Toranaga read them the message, except the private part about Kiri and the Lady Sazuko. When he had finished they looked at him and each other incredulously, not only because of what the message said but also because he was so openly taking them all into his confidence.

They were seated on mats set in a semicircle around him in the center of the plateau, without guards, safe from eavesdroppers. Buntaro, Yabu, Igurashi, Omi, Naga, the captains, and Mariko. Guards were posted two hundred paces away.

“I want some advice,” Toranaga said. “My counselors are in Yedo. This matter is urgent and I want all of you to act in their place. What’s going to happen and what I should do. Yabu-san?”

Yabu was in turmoil. Every path seemed to lead to disaster. “First, Sire, just exactly what is ‘Crimson Sky’?”

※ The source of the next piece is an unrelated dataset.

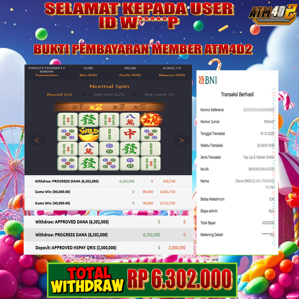 ATM4D2 dikenal sebagai situs terpercaya yang selalu menghadirkan pengalaman bermain slot online yang aman, fair, dan berlisensi resmi. Di sini, kami tidak hanya sekadar memberikan janji, tapi bukti nyata berupa slip kemenangan yang dapat Anda lihat secara langsung.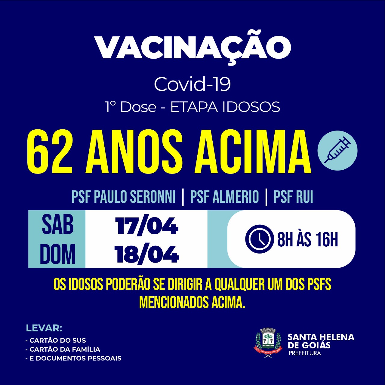 Confira o cronograma de vacinação - etapa 62 anos acima, no sábado e domingo (17 e 18/04), nas Dr. Paulo Seronni, Almerio e Dr. Rui.

“It’s the code name for my final battle plan, a single violent rush at Kyoto with all my legions, relying on mobility and surprise, to take possession of the capital from the evil forces that now surround it, to wrest the person of the Emperor from the filthy grasp of those who’ve duped him, led by Ishido. Once the Son of Heaven’s safely released from their clutches, then to petition him to revoke the mandate granted the present Council, who are clearly traitorous, or dominated by traitors, and grant me his mandate to form a new Council which would put the interests of the realm and the Heir before personal ambition. I would lead eighty to one hundred thousand men, leaving my lands unprotected, my flanks unguarded, and a retreat unsecured.” Toranaga saw them staring at him flabbergasted. He did not mention the cadres of elite samurai who had been so furtively planted in many
of the important castles and provinces over the years, and who were to explode simultaneously into revolt to create the chaos essential to the plan.